## [WHAT IS BEING ASKED]
Leave the pictures out and write out the rest of the listing word for word.
━━━ DATA BELOW ━━━
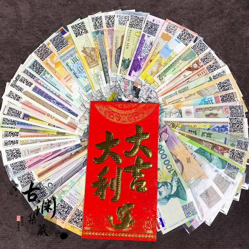 世界钱币28国52张外国纸币真币国外钱币红包版收藏压岁纪念钞纸钞
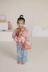 Alles voor dagelijks speelplezier en het nabootsen van echte zorg is inbegrepen: een melkflesje, thermometer, siroop met lepeltje, shampoo-dispenser, slabbetje en een poppenluier. De set stimuleert creativiteit, fijne motoriek en leert verantwoordelijkheid en liefdevolle zorg.
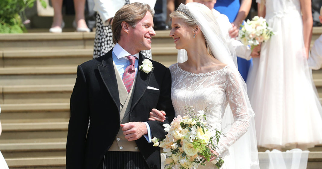 Lady Gabriella Windsor a casa cu Thomas Kingston awe 18 di mei na St George’s Chapel na Windsor Castle. E novia a luci esplendido den su shimis impresionante di Luisa Beccaria. E shimis cu ta un soño tin un escote maraviyoso y manganan largo di canchi borda cu ta continua te na su man, casi manera un handschoen. Diseña exclusivamente pa e realesa, cu un velo di seis meter, haci den varios capa di tul ros y blanco den e mesun tono di e shimis, uni pa flornan chikito borda na man.
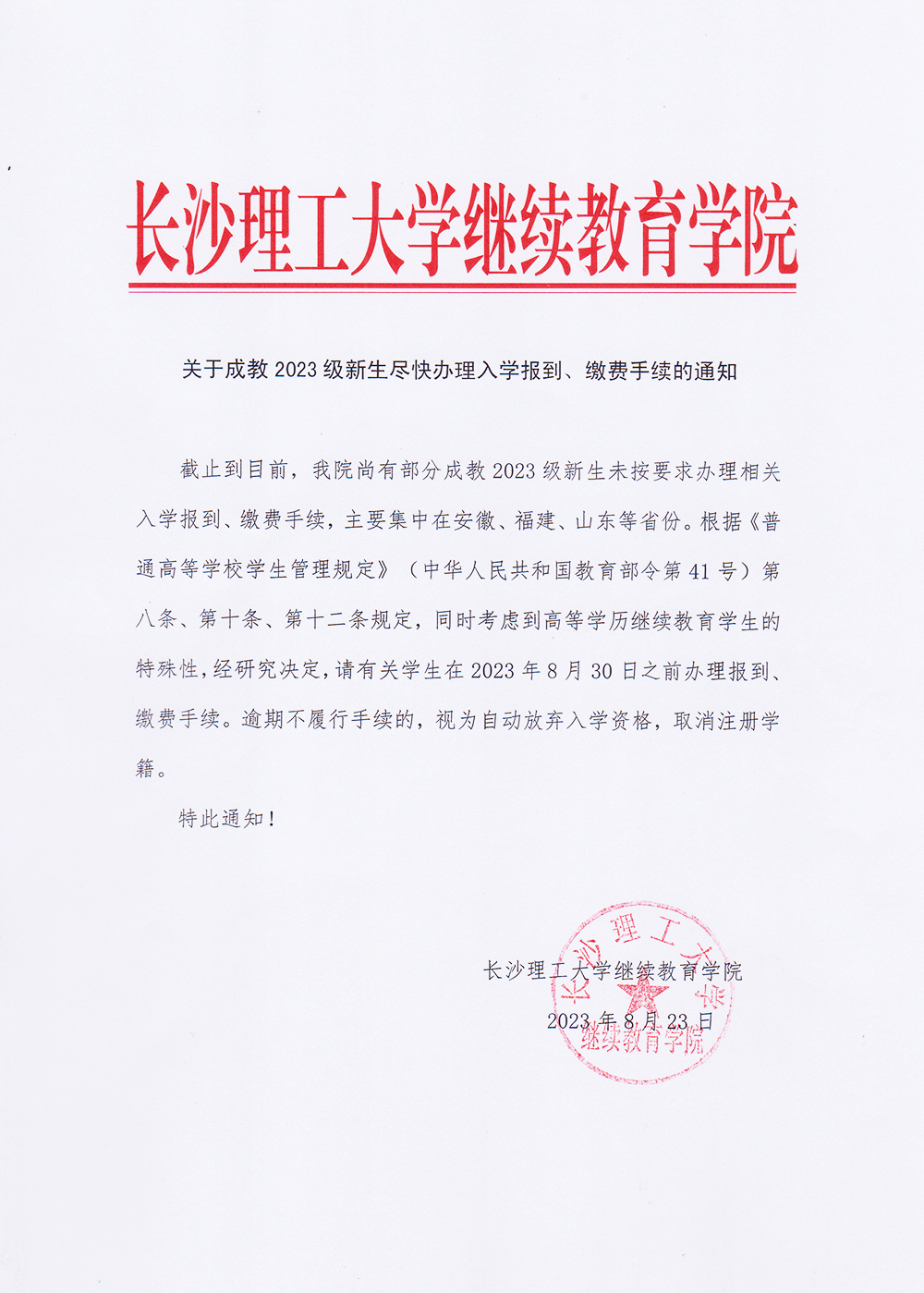 关于成教2023级新生尽快办理入学报到、缴费手续的通知
━━━
## [ANSWER SPACE]
 世界钱币28国52张外国纸币真币国外钱币红包版收藏压岁纪念钞纸钞
 Alles voor dagelijks speelplezier en het nabootsen van echte zorg is inbegrepen: een melkflesje, thermometer, siroop met lepeltje, shampoo-dispenser, slabbetje en een poppenluier. De set stimuleert creativiteit, fijne motoriek en leert verantwoordelijkheid en liefdevolle zorg.
 Lady Gabriella Windsor a casa cu Thomas Kingston awe 18 di mei na St George’s Chapel na Windsor Castle. E novia a luci esplendido den su shimis impresionante di Luisa Beccaria. E shimis cu ta un soño tin un escote maraviyoso y manganan largo di canchi borda cu ta continua te na su man, casi manera un handschoen. Diseña exclusivamente pa e realesa, cu un velo di seis meter, haci den varios capa di tul ros y blanco den e mesun tono di e shimis, uni pa flornan chikito borda na man.
 关于成教2023级新生尽快办理入学报到、缴费手续的通知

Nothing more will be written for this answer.